#### TASK ITEM:
Beginning with the line that contains "商品名称:钢盾 SHEFFIELD S047003 德式轴用直嘴卡簧钳7英寸", transcribe the rest of the listing below exactly, including its last line, and exclude any pictures.

#### LISTED ENTRIES:
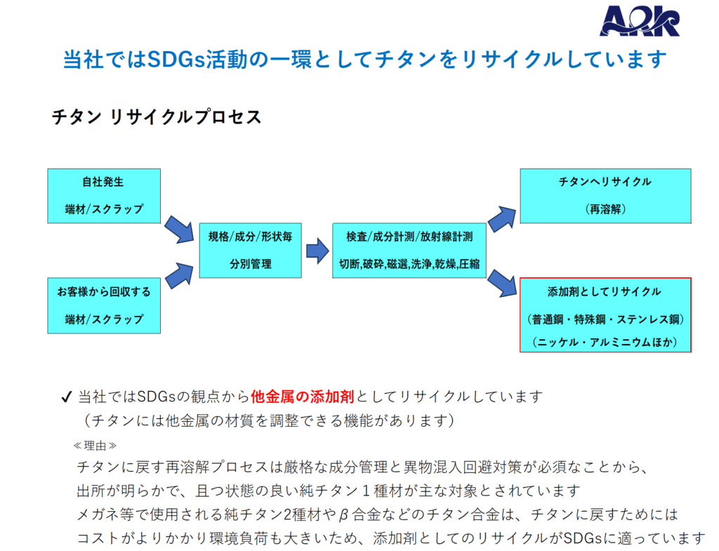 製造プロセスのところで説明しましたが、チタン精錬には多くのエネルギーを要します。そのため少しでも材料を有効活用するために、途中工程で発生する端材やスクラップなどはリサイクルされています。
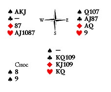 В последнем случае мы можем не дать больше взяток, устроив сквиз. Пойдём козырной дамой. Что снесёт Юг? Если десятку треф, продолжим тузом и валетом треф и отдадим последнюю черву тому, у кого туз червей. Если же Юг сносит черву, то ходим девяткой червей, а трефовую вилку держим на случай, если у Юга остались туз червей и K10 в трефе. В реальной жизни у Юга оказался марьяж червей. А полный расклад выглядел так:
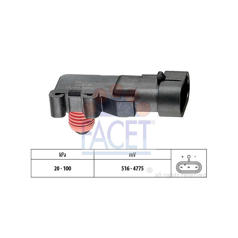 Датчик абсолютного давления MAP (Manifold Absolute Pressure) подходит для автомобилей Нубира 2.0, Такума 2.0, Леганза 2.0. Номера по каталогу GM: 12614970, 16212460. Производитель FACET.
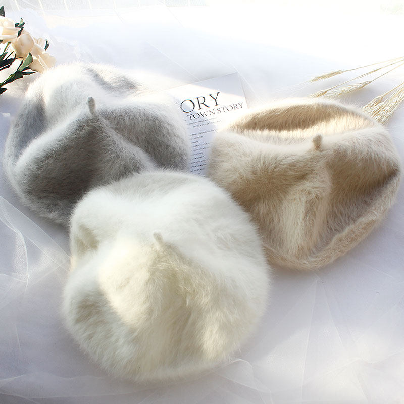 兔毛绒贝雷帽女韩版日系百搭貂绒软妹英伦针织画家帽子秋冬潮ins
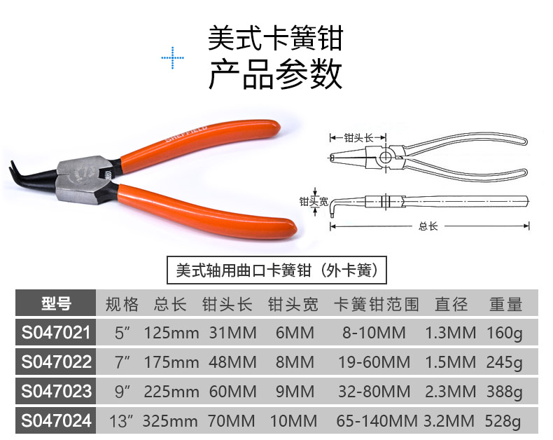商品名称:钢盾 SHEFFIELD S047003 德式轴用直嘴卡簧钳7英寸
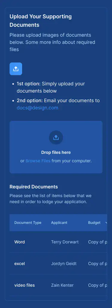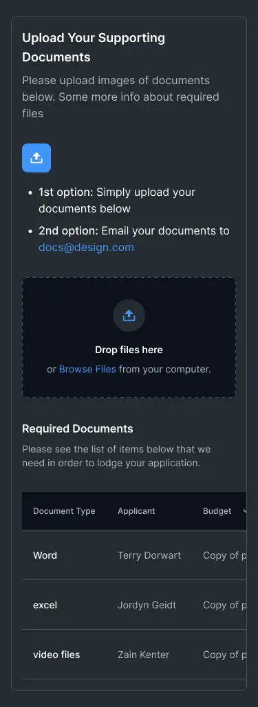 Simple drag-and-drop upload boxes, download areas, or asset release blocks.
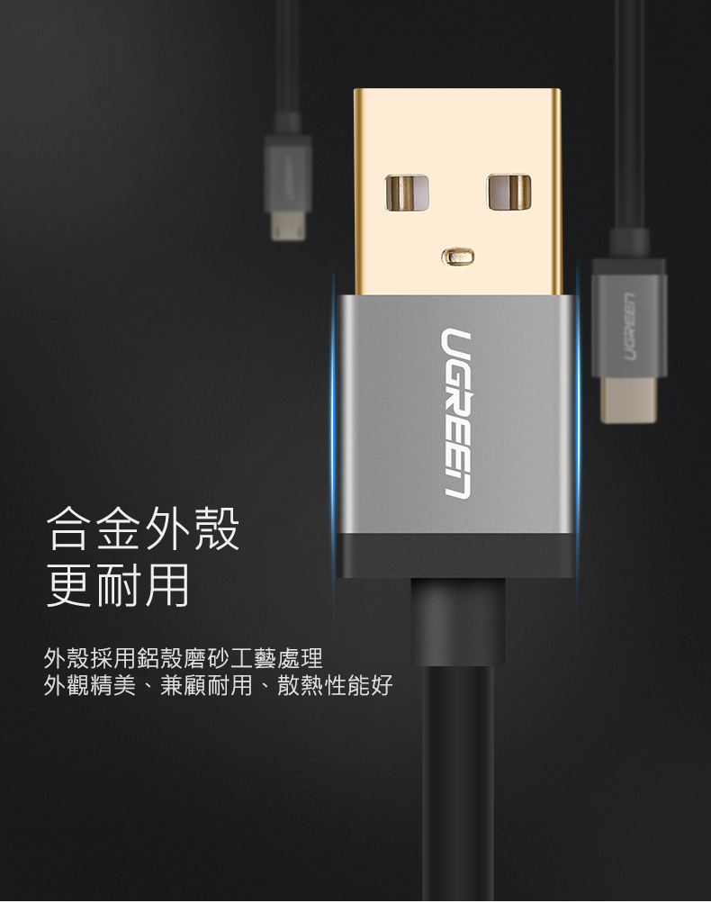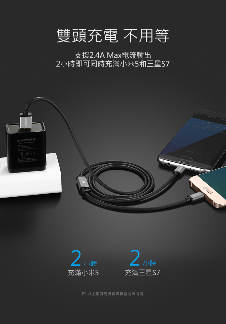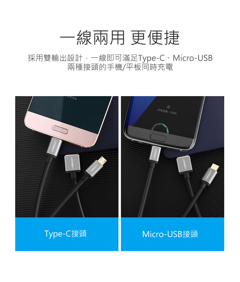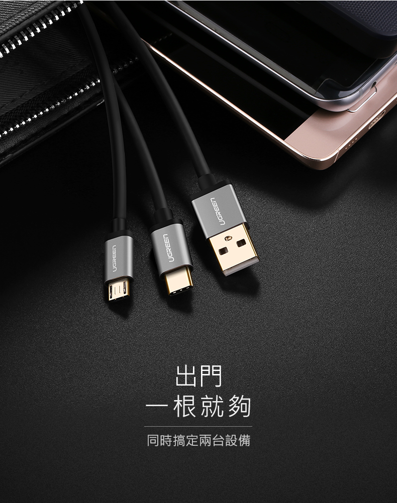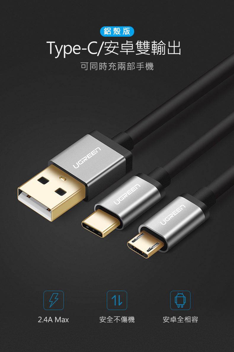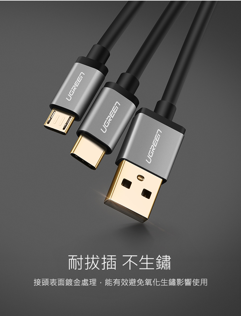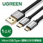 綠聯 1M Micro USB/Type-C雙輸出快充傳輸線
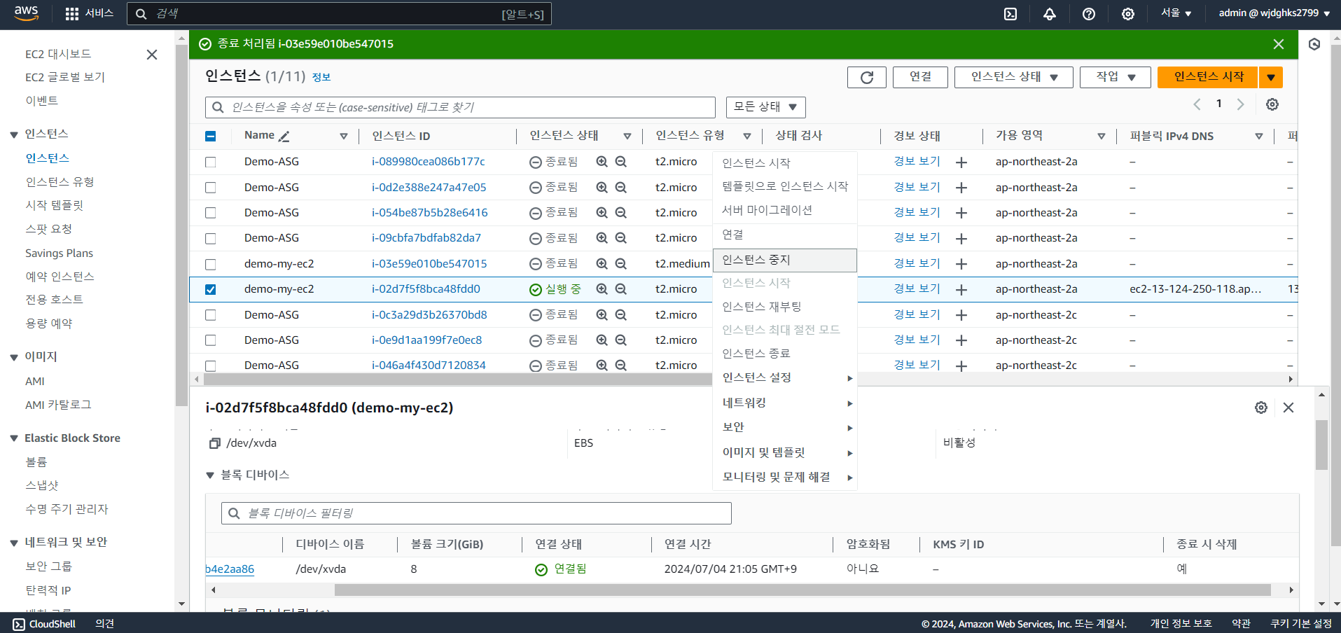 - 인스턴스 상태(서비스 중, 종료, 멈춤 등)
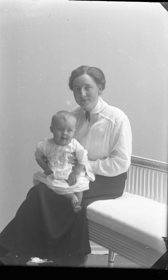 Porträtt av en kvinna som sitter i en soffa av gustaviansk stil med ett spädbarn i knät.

#### ANSWER TO THIS PROBLEM:
商品名称:钢盾 SHEFFIELD S047003 德式轴用直嘴卡簧钳7英寸
 Simple drag-and-drop upload boxes, download areas, or asset release blocks.
 綠聯 1M Micro USB/Type-C雙輸出快充傳輸線
 - 인스턴스 상태(서비스 중, 종료, 멈춤 등)
 Porträtt av en kvinna som sitter i en soffa av gustaviansk stil med ett spädbarn i knät.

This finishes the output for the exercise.